There’s an awful lot of talk about food in Gone with the Wind. The food in the novel is resolutely Southern – ham, biscuits and gravy, barbecue – a part of the characters’ cultural identity. Slaves, of course, have different food from white people, eating their chitterlings and yams. Men drink bourbon, and holding one’s liquor is a mark of a Southern gent, but alcohol is completely off-limits to women (except for Aunt Pitty’s ‘swoon bottle’ of brandy, from which she takes nips whenever she feels faint – I have one of them myself, of course. Funny how often I feel faint on a Friday night.) Constant references to food also contrast the land of plenty that these (white, well-off) people lived in and their near-starvation during and after the war: food is in abundance everywhere at the beginning of the book, more than anyone could possibly want or eat. Yams are ‘dripping with butter’. During the war, Yankee soldiers, who have passed through Tara and taken all the food and everything of value, do not know what yams are and leave them in the ground, so the family do not starve: a case of Southern culinary know-how stealing a march on the dirty Yankees.
The heroine, Scarlett, who is gutsy and ambitious and has a healthy appetite, is constantly swinging in the novel between her desire to be a lady, what she has been brought up to be, and her desires to eat and be able to feed her family; to express her opinions; to work; and to make her own decisions. Ladies aren’t supposed to eat. Scarlett O’Hara, as a young girl, is stuffed with a tray of food before going out to a party so she can ‘eat like a bird’ in order to catch a husband; ladies, in this Southern culture, are not supposed to eat, drink, be able to cope with coarse language, or pretty much anything else.
            The point of being a lady seems to be surrounded by every single thing one could possibly want, all the time, and to reject it (an interesting parallel with today’s morality of appetite, where the people we are supposed to look up to are extremely thin despite living in a society where food is cheap and readily available; the thin take the moral high ground while the fat are considered lacking in moral fibre). Given that there are no actual hardships for the rich women of the antebellum South, since slaves pander to their every whim and they have to do absolutely nothing for themselves, women in the society of the novel invent their own privations by forcing themselves to become even weaker and more cossetted than they are already. Older characters occasionally point out the differences between the overly refined women of today and the gutsier, more active women of their own generation. Later on, of course, the war means that ladies can’t eat anyway, even if they wanted to: there’s not enough food. So this way of asserting their moral superiority is taken away from them, though as they become physically frail through hunger rather than choice, they begin to show their real strength through genuinely moral choices.

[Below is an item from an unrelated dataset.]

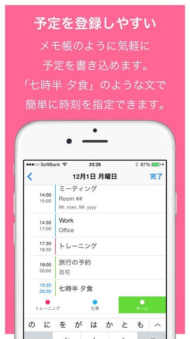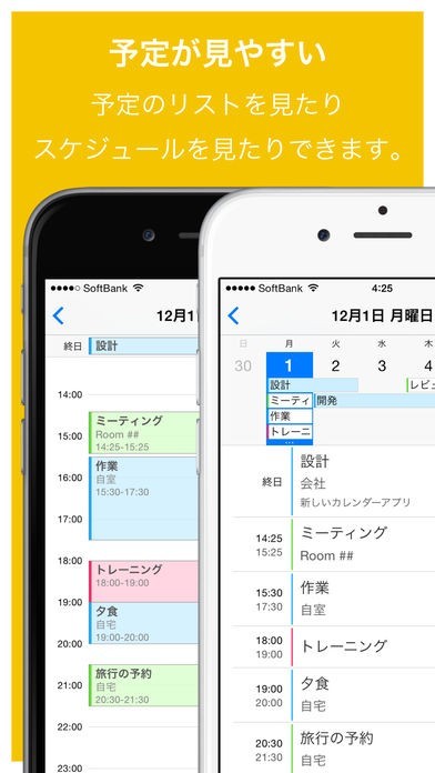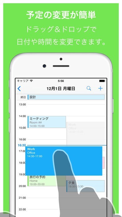 予定リストやスケジュールがまとめて見やすく、イベント登録も時間を入力すると、その時間に登録され、日程変更も手軽にできるので純正カレンダーでできなかったことが簡単に解決します。

What the characters eat and do not eat sends strong messages about who they are and how they define themselves. The fabulously selfish and outspoken Scarlett, of course, loves to eat, especially once she has experienced hunger. She fails to conform to the polite fiction about females in which the whole society is colluding: that they have no appetites. In her decadent years of running with Carpetbaggers and scoundrels, when old Southern society gives her up as not being a lady, she publicly eats oysters, rich gumbos, pastries stuffed with meringue – as a real lady never would.